- **Directions for this task**: The answer must consist solely of the lines from the line with "ASOS DESIGN LETTUCE" to the end of the data below, transcribed exactly and with no pictures.

- **Data for this task**:
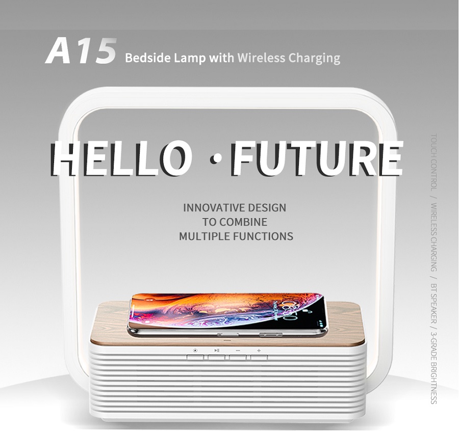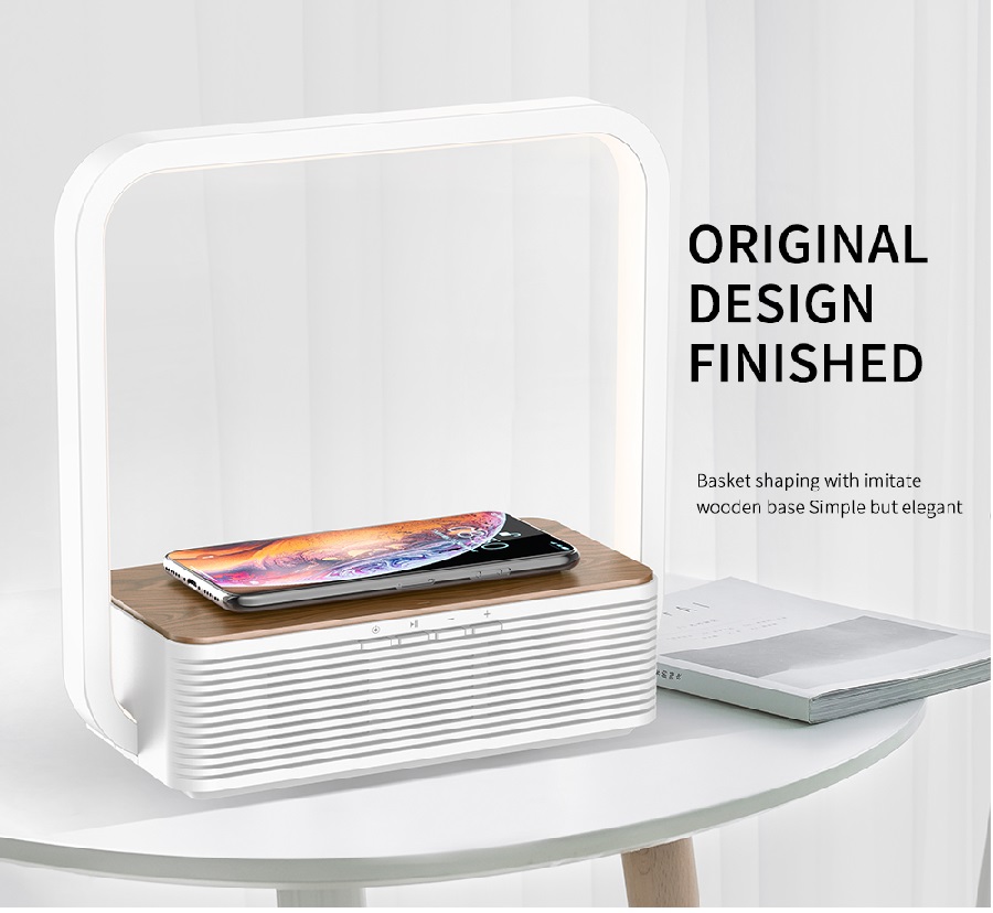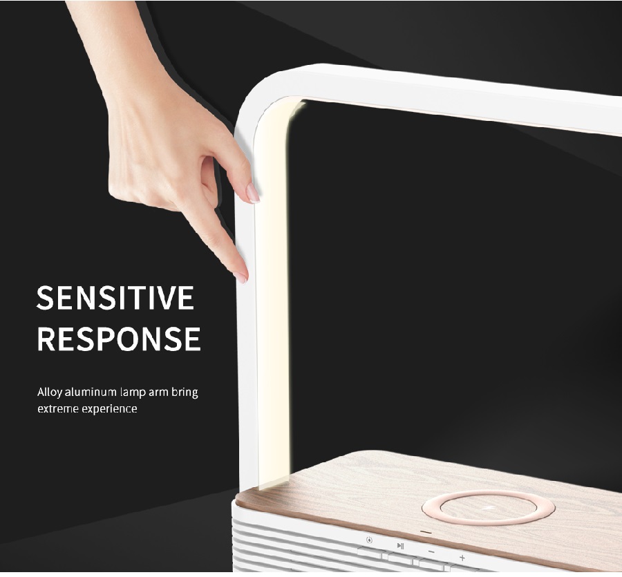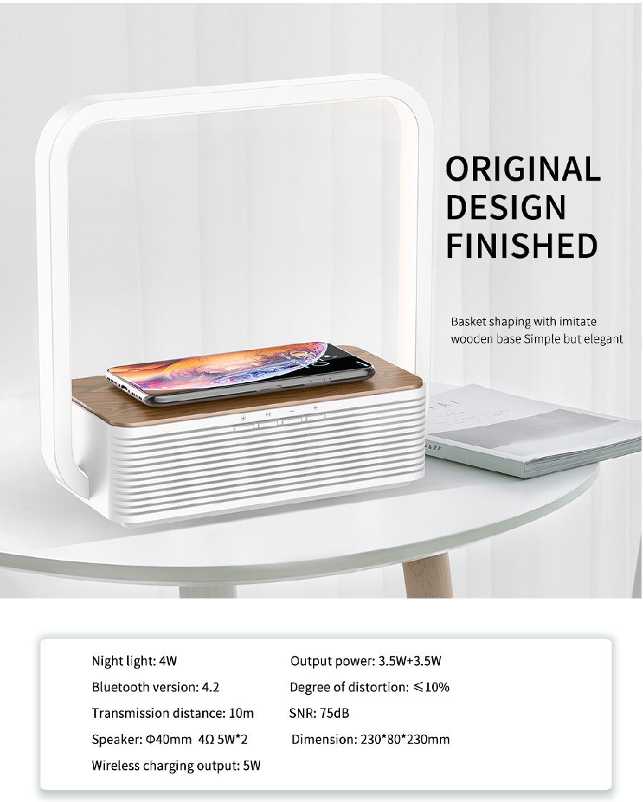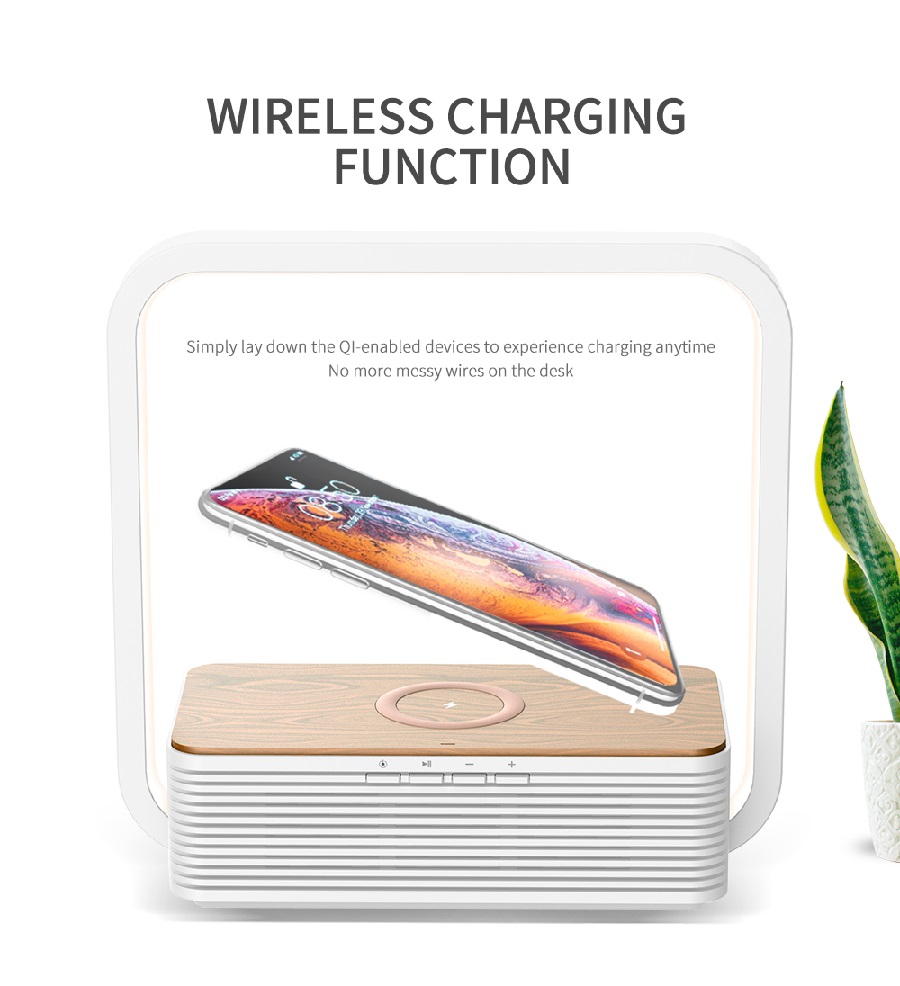 ★Wireless charging function: charging power output 5W ★Bluetooth speaker: enjoy high quality music ★3-grade brightness: touch dimmer ★ Wooden imitation charging base
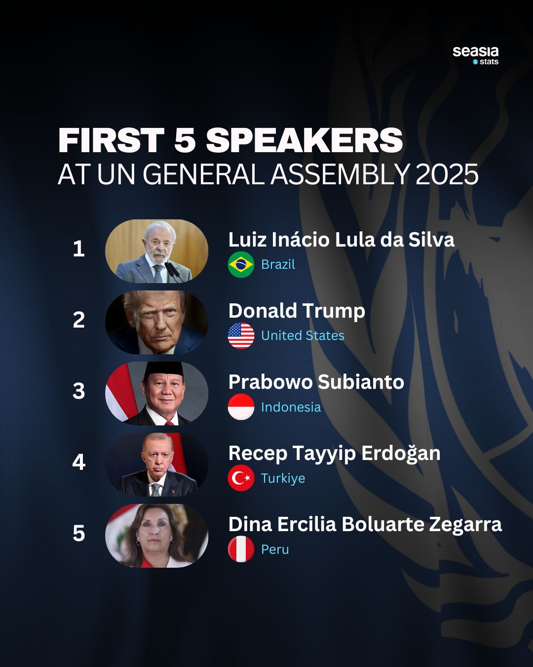 The tradition continues at the 2025 UNGA, where Brazil once again opens the session. The order of the first five speakers reflects both historical custom and diplomatic prominence:
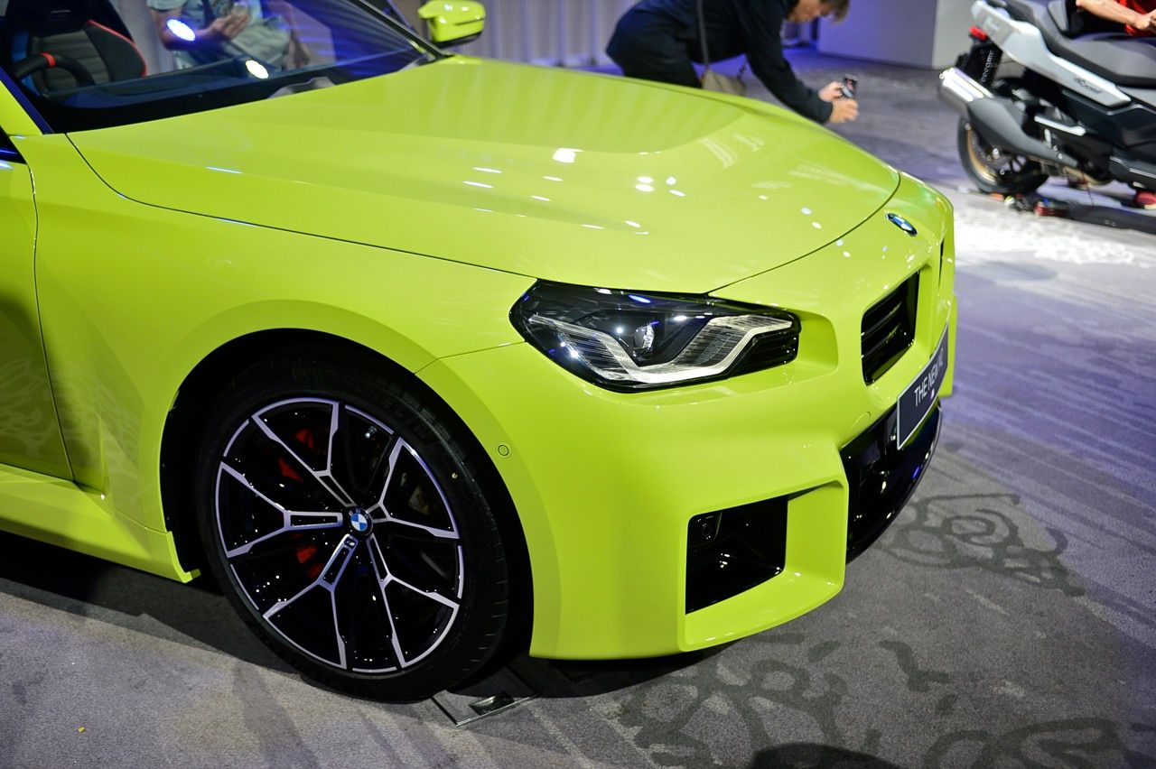 M2 มีให้เลือกเป็นเจ้าของได้ใน 8 สี ได้แก่น้ำเงิน Zandvoort Blue Solid, ขาว Alpine White Solid, เหลือง Sao Paulo Yellow Solid, แดง Fire Red Metallic, เทา Skyscraper Grey Metallic, เทา Brooklyn Grey Metallic, น้ำเงิน Portimao Blue Metallic และดำ Black Sapphire Metallic ส่วนรุ่นพิเศษ M Racetrack มีให้เลือก 5 สีด้วยกัน ได้แก่ น้ำเงิน Zandvoort Blue Solid, ขาว Alpine White Solid, เหลือง Sao Paulo Yellow Solid, แดง Fire Red Metallic และเทา Skyscraper Grey Metallic พร้อมเบาะหนัง Merino แต่งไฮไลท์สีดำ เอ็กซ์คลูซีฟ
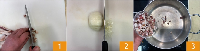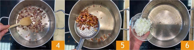 Soletadla a fuego vivo 4 hasta que esté dorada 5 y luego colocadla sobre papel absorbente para que pierda el exceso de grasa. En la misma olla, aprovechando precisamente la grasa de la panceta, haced pochar la cebolla picada durante unos minutos hasta que esté tierna 6.
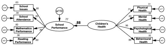 The fifth research Hypothesis is about understanding the direct connection between children’s health and children’s school performance. The results ([NFI] = 0.952, [IFI] = 0.958, [CFI] = 0.958, [TLI] = 0.938, [RFI] = 0.929, [GFI] = 0.927, and [RMSEA] = 0.019) show that the relation between children’s health and children’s school performance confirms adequate fit to the data. The results in Figure 10 illustrate a very strong, positive, significant association between the health status of children and their school performance (β = 0.88; p-value < 0.001).
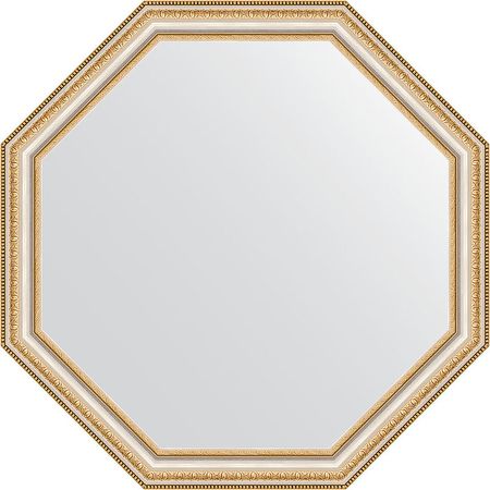 Зеркало Evoform Octagon 72х72 BY 3711 в багетной раме Золотые бусы на серебре 60 мм со шлифованной кромкой — изготавливается из высококачественного полотна AGC Mirox MNGE (New Generation). Экологически чистое зеркальное полотно нового поколения. Можно использовать в помещениях с повышенной влажностью.
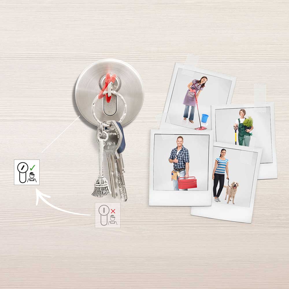При извлечении ключа владельца в стандартном вертикальном положении (на 6 часов), служебный ключ не может отпереть дверь. Если дверь заперта служебным ключом изнутри, то ключ владельца все еще может отпереть дверь снаружи в положении "8 часов". Владелец имеет доступ в любое время, даже если служебный ключ находится в цилиндре замка с внутренней стороны. Вы также можете определить, какие двери служебный ключ может открыть внутри вашего помещения, а какие нет. Мы с радостью поможет вам найти лучшее решение для вашего дома.
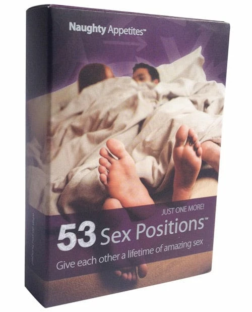 The Naughty Appetites 53 Sex Positions Card Game. Give each other a lifetime of amazing sex. We know you love sex. In fact, you’re probably even having great sex. But who doesn’t want to improve their game in and out of bed and take it to a whole new level? 53 Sex Positions – just one more, is the only deck of cards created to intensify love making and ignite a lifetime of amazing sex like never before! Each card includes an illustration with simple step by step instructions. We’ve even rated each position, but we’ll let you be the ultimate judge.
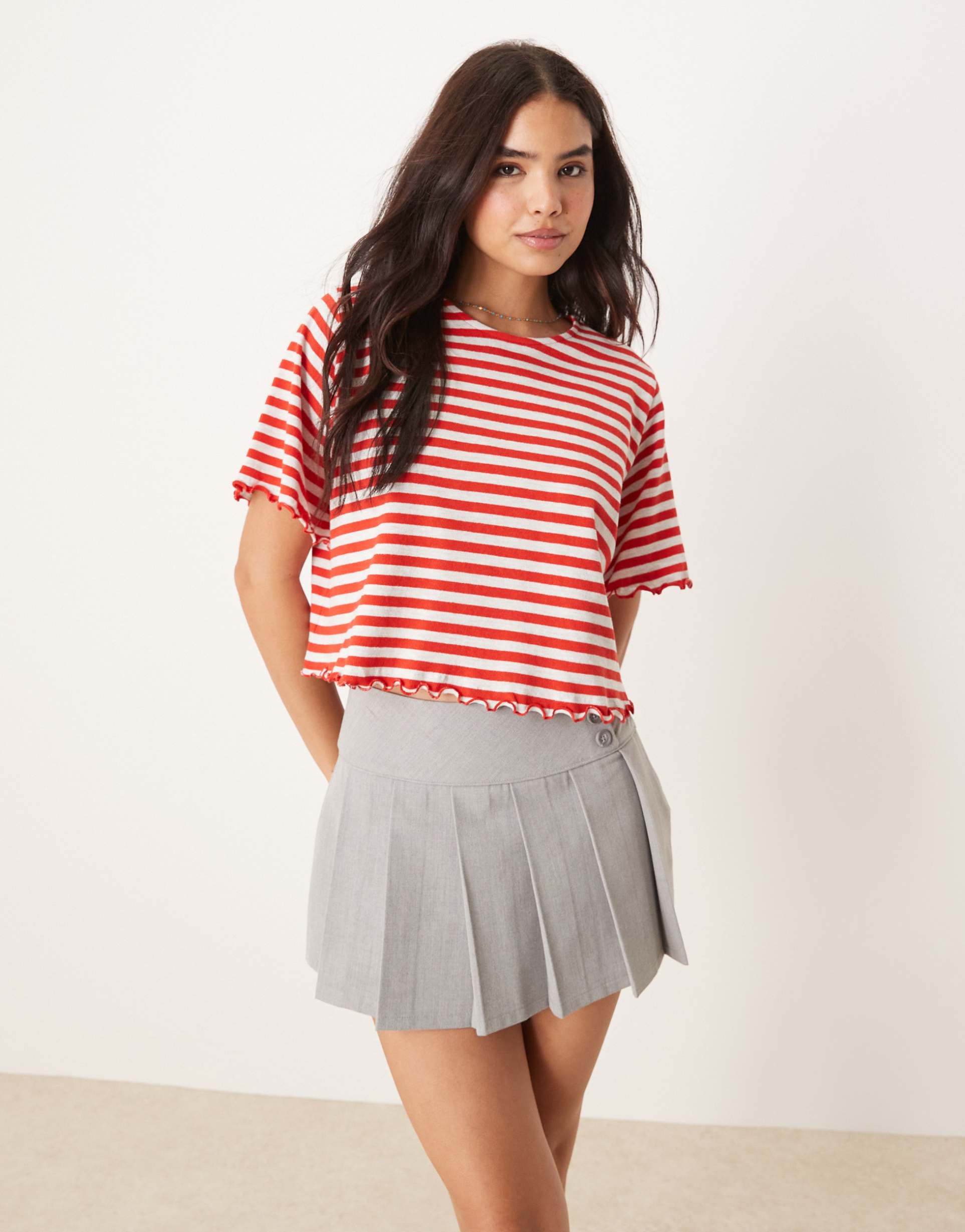 ASOS DESIGN LETTUCE HEM CROPPED TEE IN TEXTURED RED AND GRAY STRIPE
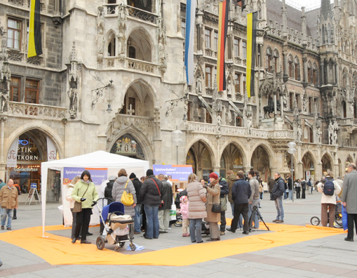 WECF setzt sich auf dem Münchner Marienplatz für giftfreies Spielzeug ein! (Text in German)
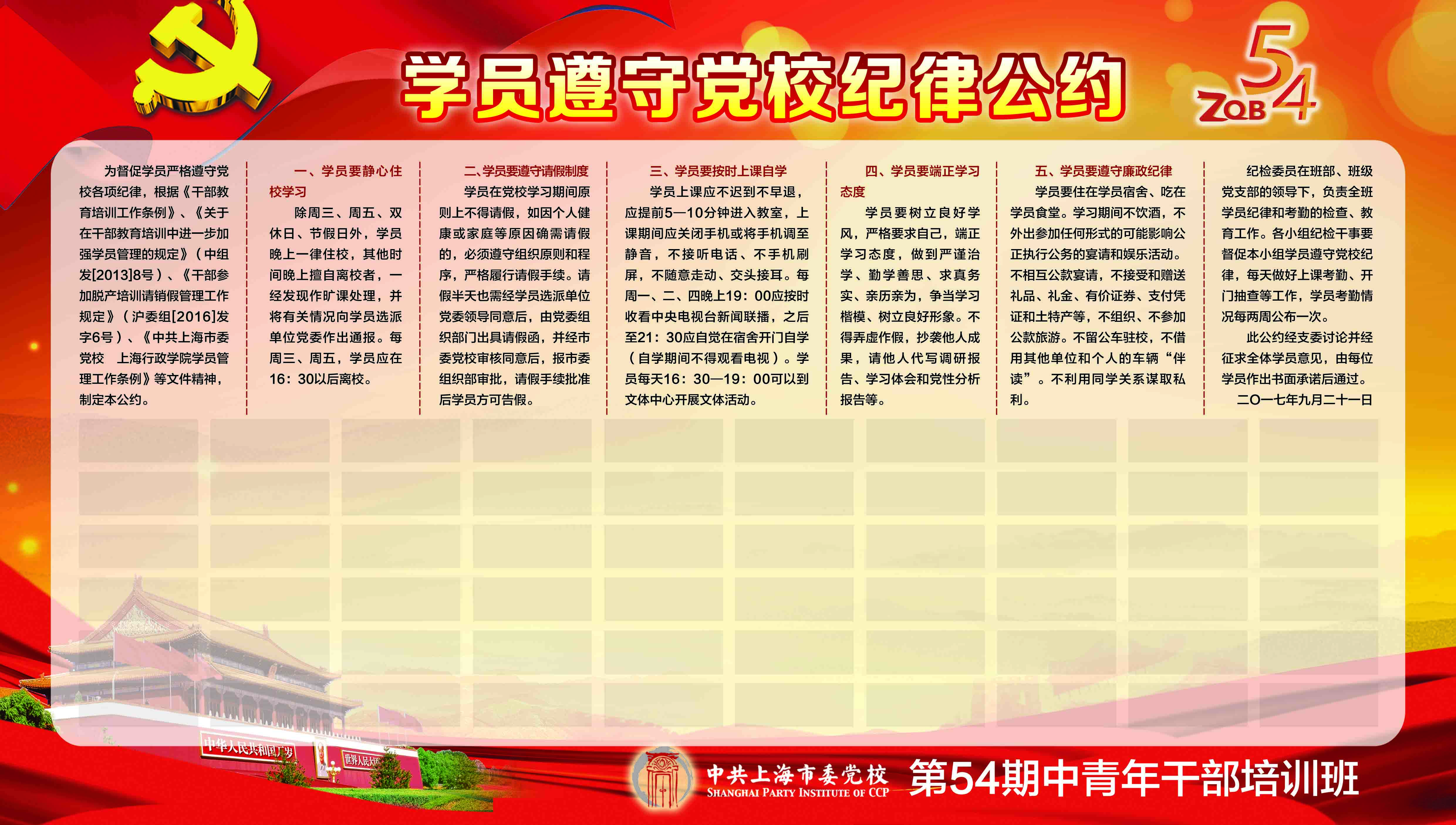 “公约”还明确要求纪检委员、各小组纪检干事切实担负起监督职能,坚持他律、自律“两手抓、两手硬”,以期将54期中青班打造成遵守党校纪律的典范,为全面、高质完成培训任务打下坚实的纪律基础。
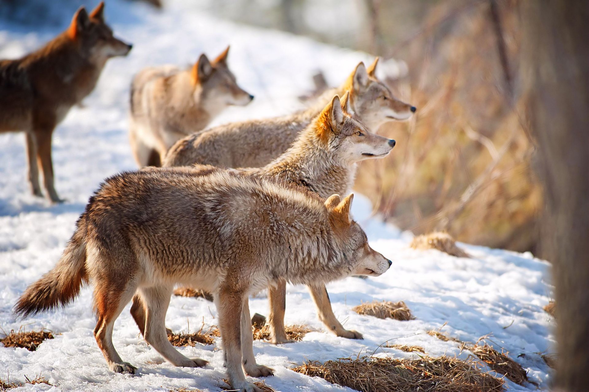 Troupeau de loups en hiver sur la neige dans la forêtTroupeau de loups en hiver sur la neige dans la forêt
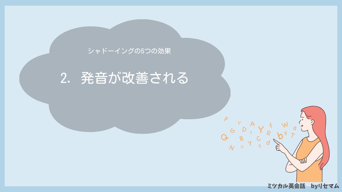 シャドーイングをする場合は、聞き取った文章を発話することになりますから、繰り返していれば発音も改善されていきます。
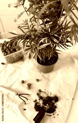 Repotting chamaedorea palm plant at home. Houseplant hobby
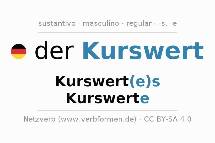 La declinación del sustantivo en forma de tabla con todas su formas: singular, plural y en los cuatro casos: nominativo (primer caso), genitivo (segundo caso), dativo (tercer caso) y acusativo (cuarto caso). Las construcciones gramaticales están representadas de forma clara en una tabla sinópica. La inflexión de los sustantivos es una ayuda durante tareas, exámenes, para cursos de alemán, la universidad, el estudio del alemán como lengua extranjera o como segundo idioma y para estudiantes adultos. La declinación correcta de las palabras es especialmente importante para los que aprenden el idioma alemán. Aquí encontraras más información acerca del tema Wiktionary Kurswert y aquí también a través del Duden Kurswert.

- **Answer to the exercise**:
 ASOS DESIGN LETTUCE HEM CROPPED TEE IN TEXTURED RED AND GRAY STRIPE
 WECF setzt sich auf dem Münchner Marienplatz für giftfreies Spielzeug ein! (Text in German)
 “公约”还明确要求纪检委员、各小组纪检干事切实担负起监督职能,坚持他律、自律“两手抓、两手硬”,以期将54期中青班打造成遵守党校纪律的典范,为全面、高质完成培训任务打下坚实的纪律基础。
 Troupeau de loups en hiver sur la neige dans la forêtTroupeau de loups en hiver sur la neige dans la forêt
 シャドーイングをする場合は、聞き取った文章を発話することになりますから、繰り返していれば発音も改善されていきます。
 Repotting chamaedorea palm plant at home. Houseplant hobby
 La declinación del sustantivo en forma de tabla con todas su formas: singular, plural y en los cuatro casos: nominativo (primer caso), genitivo (segundo caso), dativo (tercer caso) y acusativo (cuarto caso). Las construcciones gramaticales están representadas de forma clara en una tabla sinópica. La inflexión de los sustantivos es una ayuda durante tareas, exámenes, para cursos de alemán, la universidad, el estudio del alemán como lengua extranjera o como segundo idioma y para estudiantes adultos. La declinación correcta de las palabras es especialmente importante para los que aprenden el idioma alemán. Aquí encontraras más información acerca del tema Wiktionary Kurswert y aquí también a través del Duden Kurswert.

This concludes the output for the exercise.